L’action Boeing a immédiatement profité de l’annonce et gagnait 3,9% dans les transactions électroniques.

La décision sur l’attribution du contrat marque un tournant dans ce dossier. Mais selon les analystes, rien ne garantit que le conflit entre Boeing et Airbus s’arrête là.

Le groupe européen dispose d’un délai de dix jours pour contester formellement la décision annoncée jeudi soir, mais les parlementaires représentant les Etats américains qui auraient bénéficié de l’attribution du contrat à Airbus pourraient tenter de l’infirmer par la voie juridique.

Pour le Pentagone, EADS a certes le droit de protester, mais rien ne le justifierait.

TENSIONS TRANSATLANTIQUES

L’armée de l’air américaine veut engager le remplacement de sa flotte de KC-135 Stratotankers, vieille de 50 ans, qui ravitaille chasseurs et autres avions en plein vol afin d’élargir le champ des opérations militaires.
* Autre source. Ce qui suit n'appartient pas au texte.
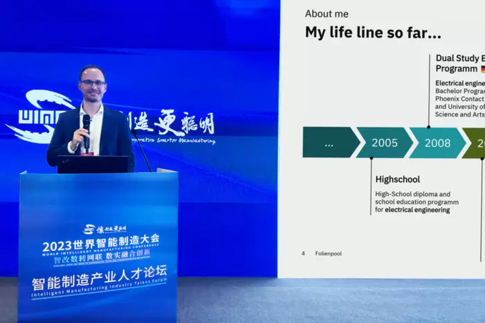 數(shù)智化變革提速對人才也提出了更高維度的要求,亟需培養(yǎng)多學(xué)科交叉復(fù)合型人才,以及政、產(chǎn)、學(xué)、研、用通力合作。12月7日下午,在大會同期舉辦的智能制造產(chǎn)業(yè)人才論壇中,菲尼克斯電氣數(shù)字化產(chǎn)品總監(jiān)S?ren Volgmann以親身經(jīng)歷為例,帶來了雙元制教育人才培養(yǎng)實(shí)踐演講。

La concurrence pour la fourniture de ces 179 « tankers » a provoqué des tensions de part et d’autre de l’Atlantique, et des conflits entre parlementaires américains soucieux de créer des emplois dans leur Etat.

Airbus et Boeing, concurrents sur le marché des avions de transport de passagers, se sont publiquement affrontés sur ce dossier, à grand renfort d’encarts publicitaires, pendant que leurs partisans s’opposaient via des conférences de presse.
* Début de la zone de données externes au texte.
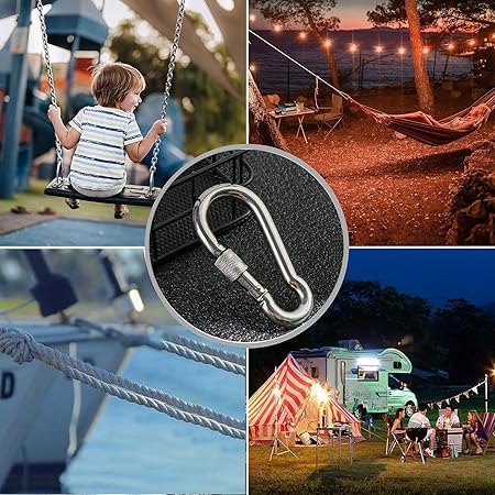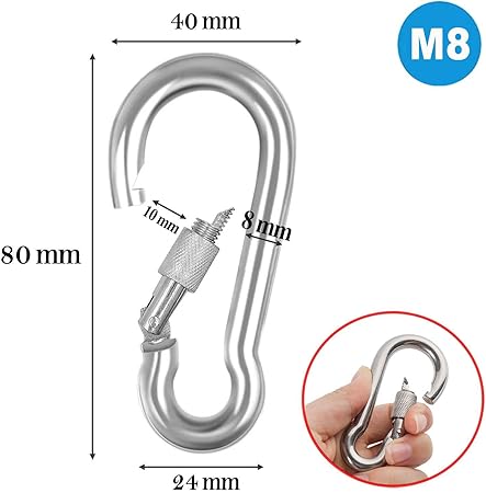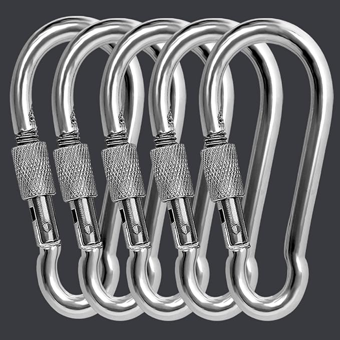 Karabina Kilitli 8 MM Yaylı Kanca Paslanmaz Çelik Kilit Tırmanma Olta Kamp Ekipmanları Hamak Anahtar Askı Kilidi 5 ADET

Boeing et Airbus, via sa filiale nord-américaine, proposaient tous les deux une version spécialement adaptée de leurs appareils de transport existants, le Boeing 767 et l’A330.

Le feuilleton remonte à 2001. Un premier projet de 23,5 milliards de dollars pour louer puis acheter 100 Boeing 767 transformés en ravitailleurs avait échoué en 2004, en raison d’un conflit d’intérêt qui s’était traduit par des peines de prison pour le directeur financier de Boeing et le numéro deux des achats de l’armée de l’air de l’époque.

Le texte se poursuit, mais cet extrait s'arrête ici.